Any picture in the data below should be skipped, while every line is repeated exactly.

Data below

———

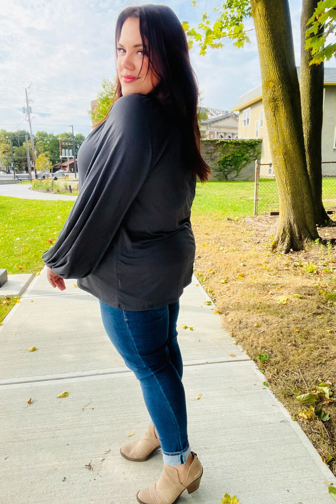 Versatile Charcoal Front Tie Modal Knit Peasant Top
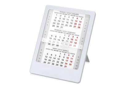 Настольный календарь на 2020 год выполнен из качественного пластика и имеет возможность менять календарную сетку на квартал. На пластиковый корпус прекрасно наносится логотип и символика компании. Цвета в ассортименте.
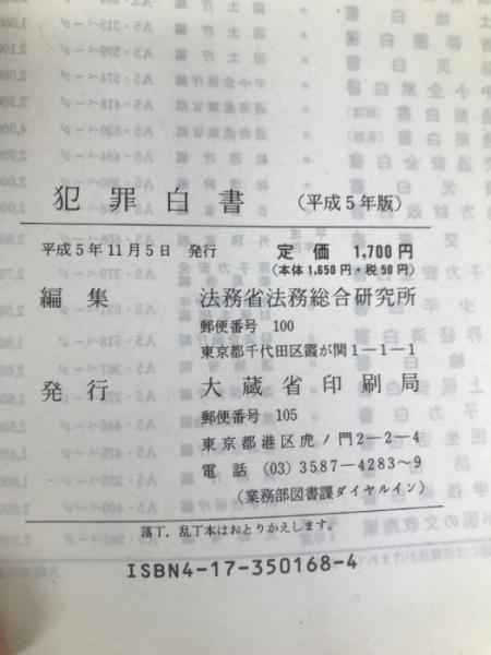 犯罪白書 平成5年版 大蔵省印刷局 法務省法務総合研究所
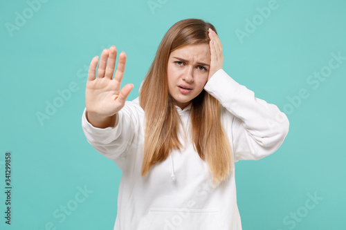 Tired worried young woman girl in casual white hoodie posing isolated on blue turquoise wall background. People lifestyle concept. Mock up copy space. Showing stop gesture with palm, put hand on head.

———

Reply
 Versatile Charcoal Front Tie Modal Knit Peasant Top
 Настольный календарь на 2020 год выполнен из качественного пластика и имеет возможность менять календарную сетку на квартал. На пластиковый корпус прекрасно наносится логотип и символика компании. Цвета в ассортименте.
 犯罪白書 平成5年版 大蔵省印刷局 法務省法務総合研究所
 Tired worried young woman girl in casual white hoodie posing isolated on blue turquoise wall background. People lifestyle concept. Mock up copy space. Showing stop gesture with palm, put hand on head.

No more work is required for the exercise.